Recorded data:
____

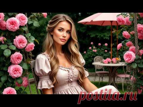На изображении изображена молодая женщина среди пышных розовых кустов, вероятно, в саду. Она одета в светлое платье с рукавами фонариками, которое гармонирует с розовым оттенком цветов вокруг. Волосы у женщины длинные и светлые, они развеваются на ветру, придавая образу романтичность. Её выражение лица спокойное и слегка улыбающееся, что создает атмосферу безмятежности. На втором плане видна садовая мебель, также розового цвета, и зонтик, который защищает от солнечных лучей. Освещение мягкое, придающее изображению теплоты и уюта. Композиция кадра предусматривает, что женщина находится в центре изображения, окруженная розами, что создает эффект естественной рамки. Исходя из деталей, можно предположить, что сцена касается спокойной прогулки в летнем саду, возможно, на территории частного дома. Картинка вызывает ассоциации с произведением "Ветром ночным (Роман Синицын)" благодаря своей утонченности и романтичности.
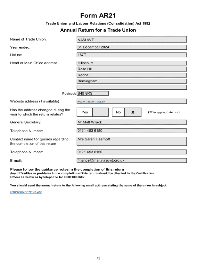 Form AR21 Trade Union and Labour Relations (Consolidation) Act 1992Annual Return for a Trade Union Name of Trade Union:NASUWTYear ended:31 December 2024List no:167THead or Main Office address:Hillscourt
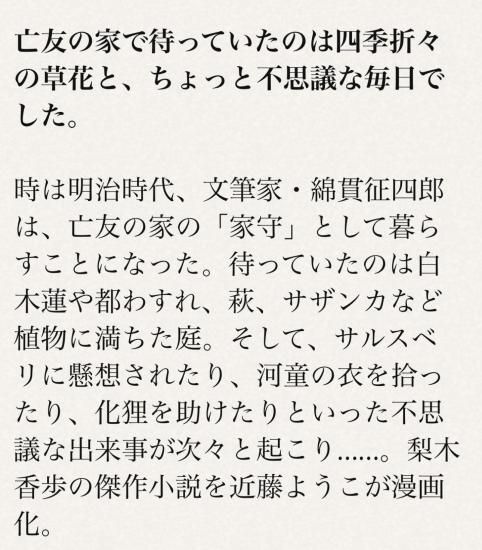 時は明治時代、文筆家・綿貫征四郎は、亡友の家の「家守」として暮らすことになった。待っていたのは白木蓮や都わすれ、萩、サザンカなど植物に満ちた庭。そして、サルスベリに懸想されたり、河童の衣を拾ったり、化狸を助けたりといった不思議な出来事が次々と起こり……。梨木香歩の傑作小説を近藤ようこが漫画化。
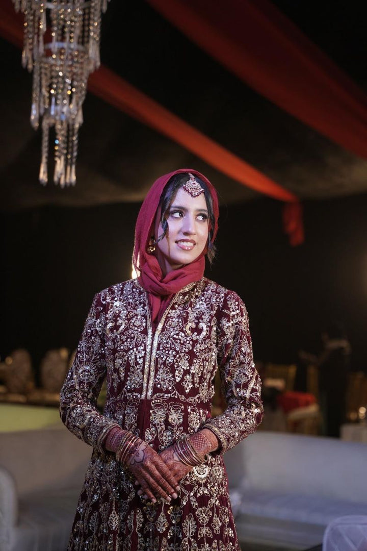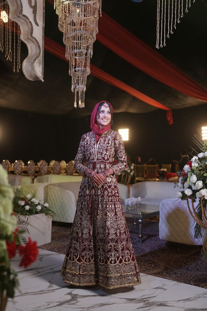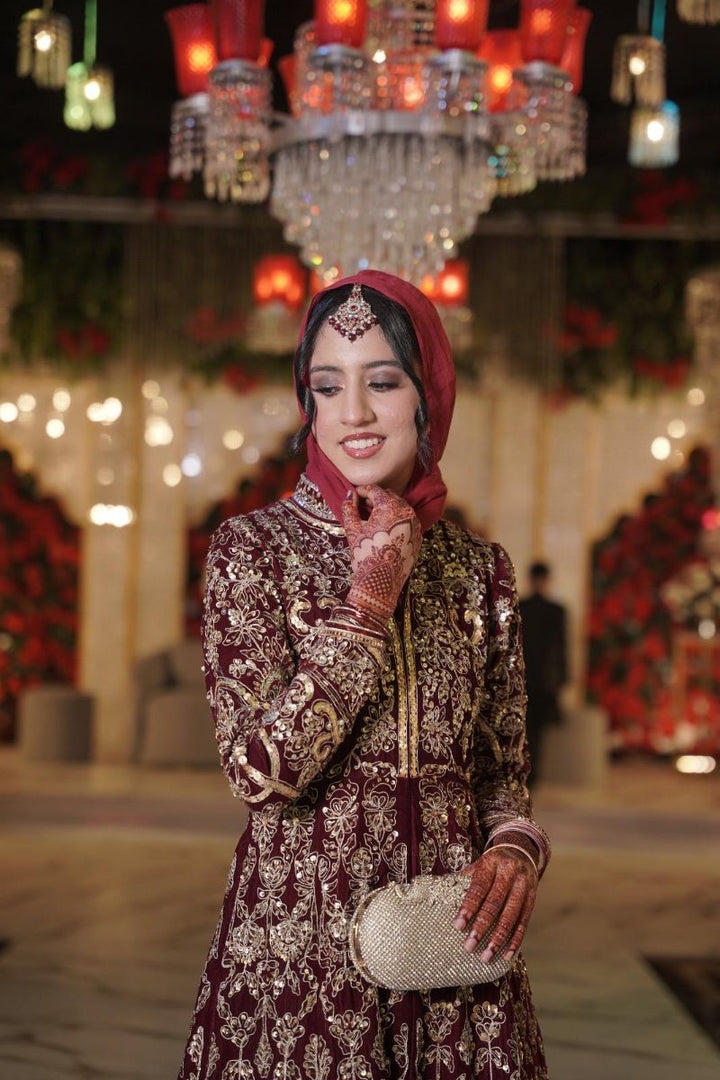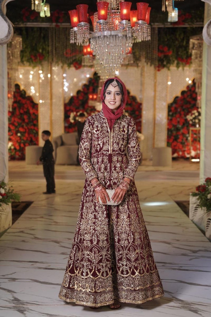 Our gorgeous client radiates elegance in this deep maroon velvet ensemble, beautifully adorned with intricate golden embroidery. The luxurious fabric and detailed craftsmanship create a regal look, perfect for any festive or bridal occasion.
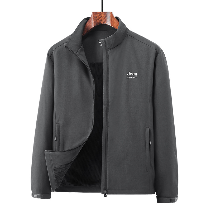 JEEP SPIRIT秋冬季新款男式休闲夹克立领领口舒适版型拉链口袋印花小标JP6555
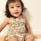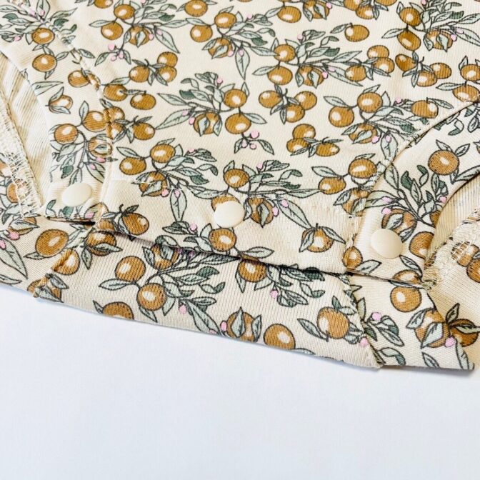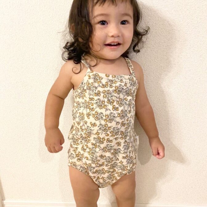 オレンジ模様がとても可愛いサロペットロンパースです。
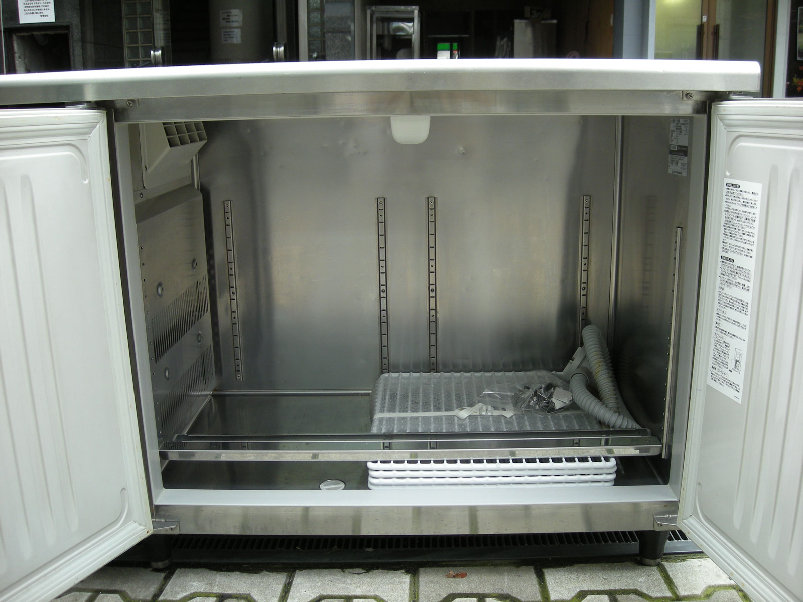 センターピラー方式の冷蔵庫です。写真のとおり、中柱がないので、大き目のホテルパンでもそのままで収納可能。
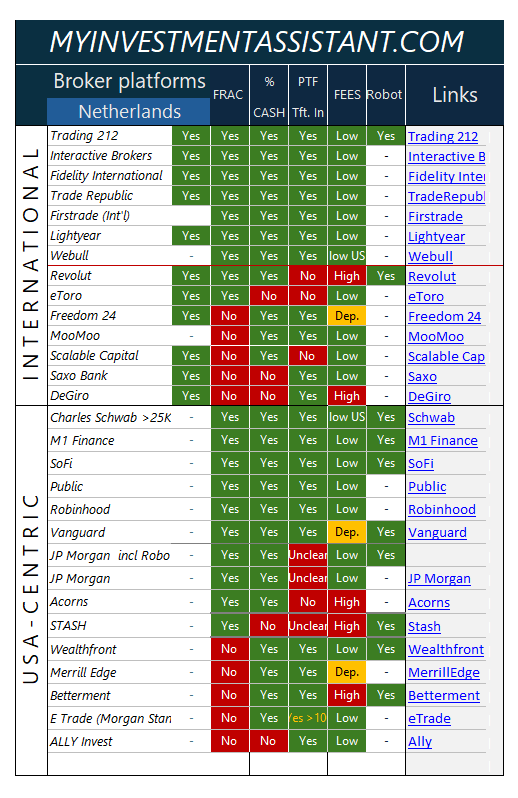 Vous avez maintenant une vue d'ensemble des instituts financiers qui acceptent des clients dans votre pays. Votre premier filtre consiste à identifier ceux qui répondent « oui » aux quatre premiers critères. L'investissement robotisé peut être intéressant mais n'est pas forcément un critère de sélection essentiel pour les investisseurs autonomes. Dans le cas de «Netherlands », vous pouvez voir qu'il y a 7 sociétés avec 4 « feux verts » tandis que les autres ne cochent pas toutes les cases. Il s'agit d'un choix important par rapport à d'autres pays. Vérifiez !
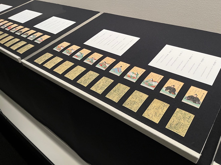 また、本展では百人一首や歌仙を題材にした「かるた」も見どころとなっている。山口素絢が絵を、鈴木内匠が文字を担当した《百人一首かるた》(18〜19世紀、江戸時代)は絵札と文字札をすべて展示。また、団扇形が珍しい《三十六歌仙扇形かるた》(18〜19世紀、江戸時代)にも注目だ。

____

What are the lines in the records above, word for word, from the one containing "Form AR21 Trade" through the one containing "センターピラー方式の冷蔵庫で", both ends included and pictures left out?

Final answer:
 Form AR21 Trade Union and Labour Relations (Consolidation) Act 1992Annual Return for a Trade Union Name of Trade Union:NASUWTYear ended:31 December 2024List no:167THead or Main Office address:Hillscourt
 時は明治時代、文筆家・綿貫征四郎は、亡友の家の「家守」として暮らすことになった。待っていたのは白木蓮や都わすれ、萩、サザンカなど植物に満ちた庭。そして、サルスベリに懸想されたり、河童の衣を拾ったり、化狸を助けたりといった不思議な出来事が次々と起こり……。梨木香歩の傑作小説を近藤ようこが漫画化。
 Our gorgeous client radiates elegance in this deep maroon velvet ensemble, beautifully adorned with intricate golden embroidery. The luxurious fabric and detailed craftsmanship create a regal look, perfect for any festive or bridal occasion.
 JEEP SPIRIT秋冬季新款男式休闲夹克立领领口舒适版型拉链口袋印花小标JP6555
 オレンジ模様がとても可愛いサロペットロンパースです。
 センターピラー方式の冷蔵庫です。写真のとおり、中柱がないので、大き目のホテルパンでもそのままで収納可能。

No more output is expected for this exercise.